**** Supplied information
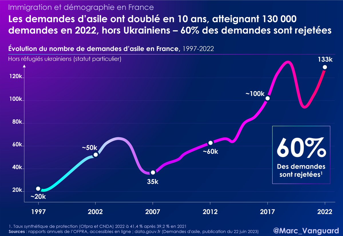 5⃣ En parallèle, la France fait face à un afflux massif de demandeurs d'asile (x2 en 10 ans). 👉 133 000 demandes d'asile en 2022 (plus que la population de Limoges ou Orléans !) 👉 60% des demandes sont rejetées… mais les déboutés quittent-ils vraiment le territoire ? https://t.co/lkxUjtC0IS
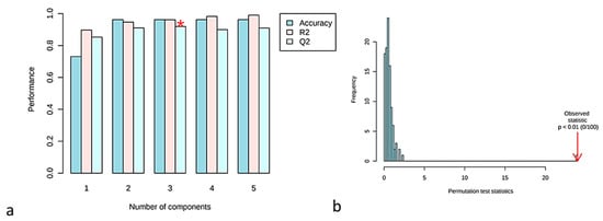 (a) Cross validation parameters of the developed PLS-PDA model with the prediction error measure: accuracy, R2, Q2 (The accuracy = 0.96, was obtained from the third component shown with asterisk.); (b) Permutation test statistics (100 random permutations).
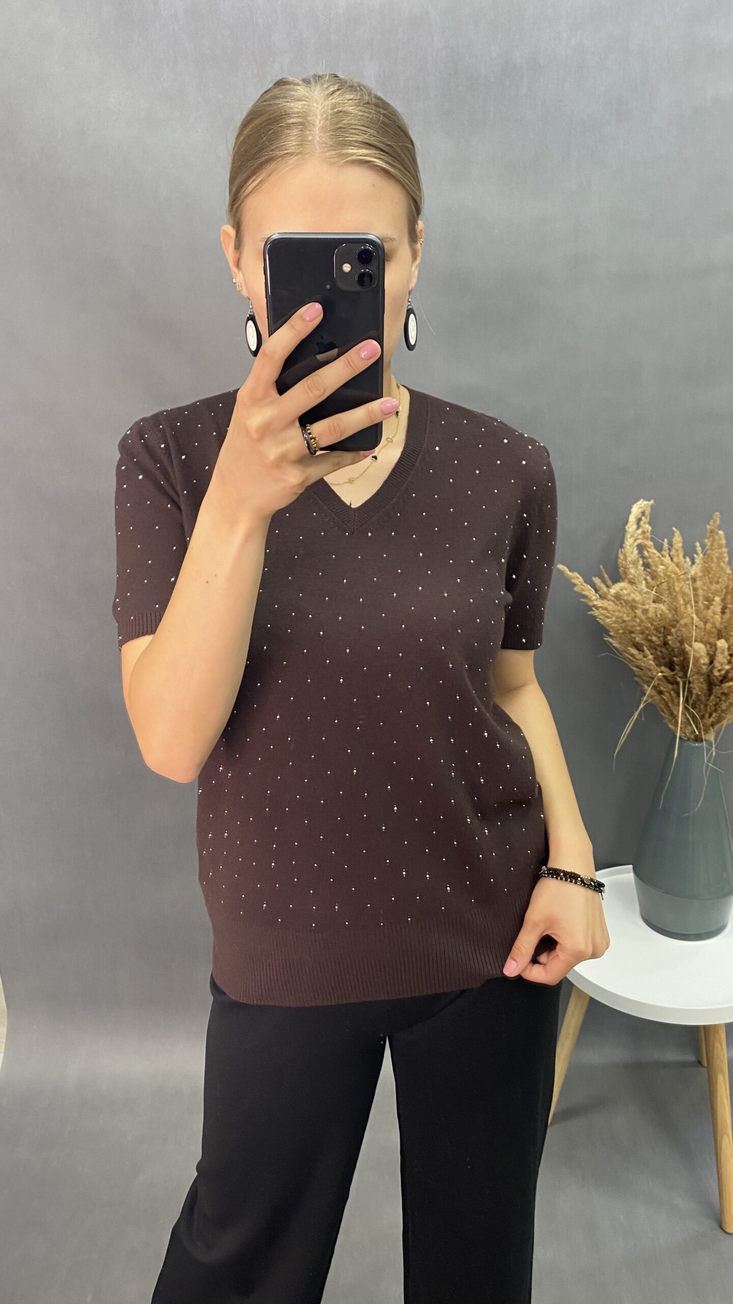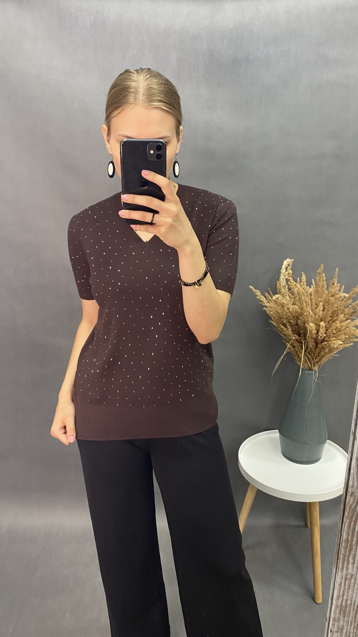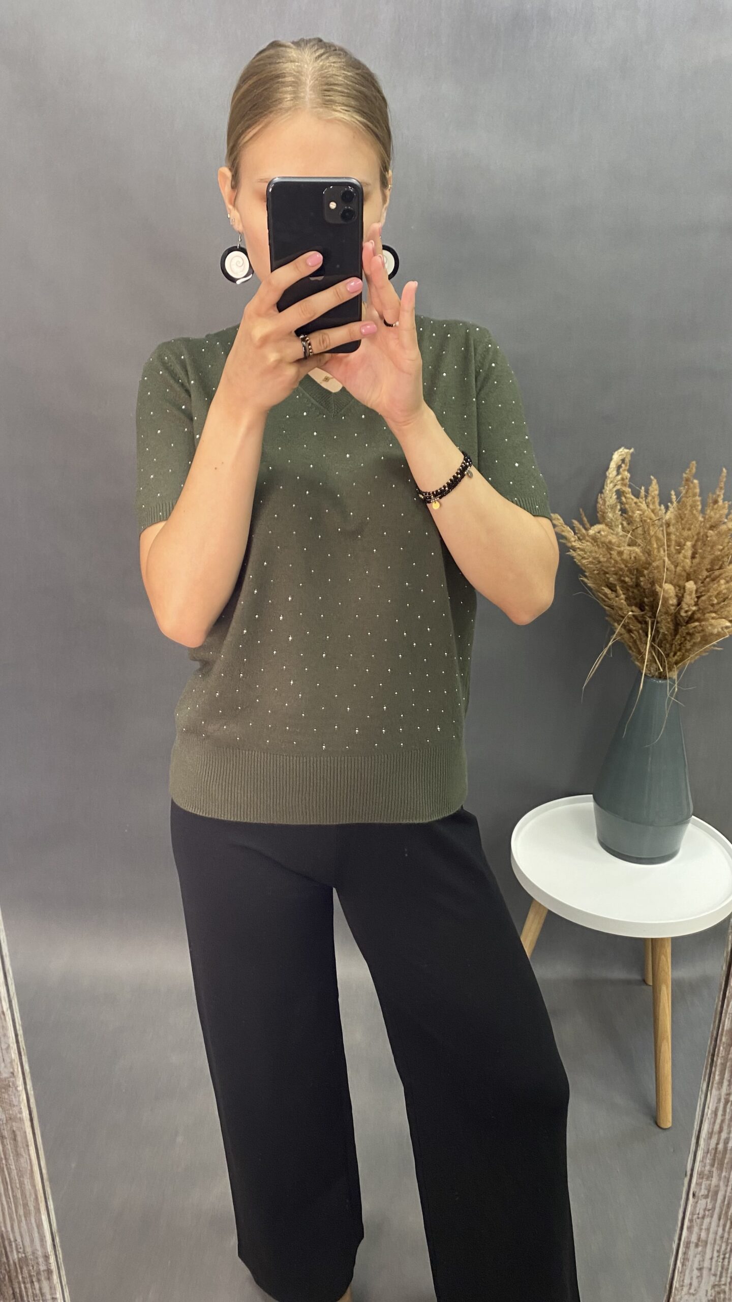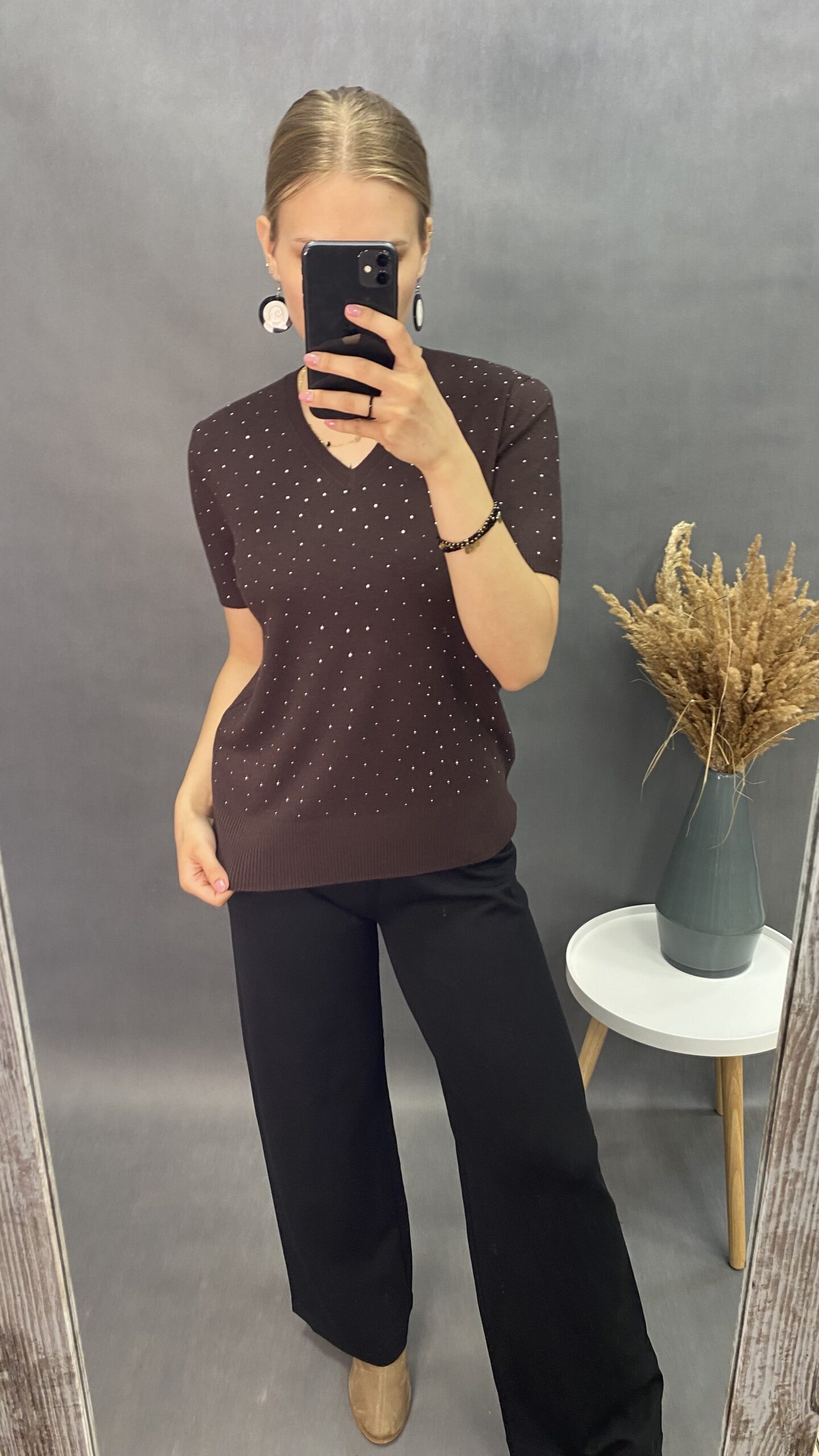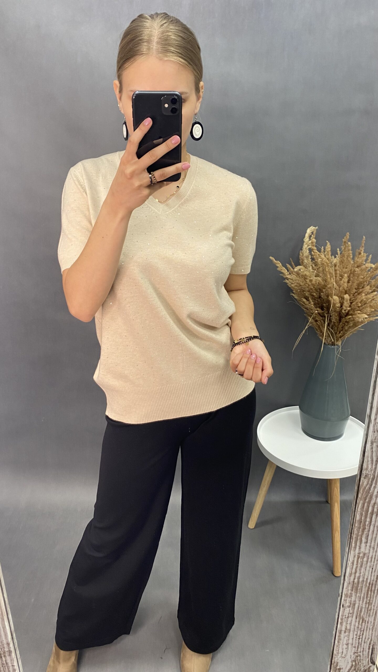 Milutki sweterek z krótkim rękawem i dekoltem w serek z cekinami z przodu. Rozmiar uniwersalny.
********
__Exercise aim__.
Your job is to repeat the data exactly, leaving each picture out.

__Reply to the task__.
 5⃣ En parallèle, la France fait face à un afflux massif de demandeurs d'asile (x2 en 10 ans). 👉 133 000 demandes d'asile en 2022 (plus que la population de Limoges ou Orléans !) 👉 60% des demandes sont rejetées… mais les déboutés quittent-ils vraiment le territoire ? https://t.co/lkxUjtC0IS
 (a) Cross validation parameters of the developed PLS-PDA model with the prediction error measure: accuracy, R2, Q2 (The accuracy = 0.96, was obtained from the third component shown with asterisk.); (b) Permutation test statistics (100 random permutations).
 Milutki sweterek z krótkim rękawem i dekoltem w serek z cekinami z przodu. Rozmiar uniwersalny.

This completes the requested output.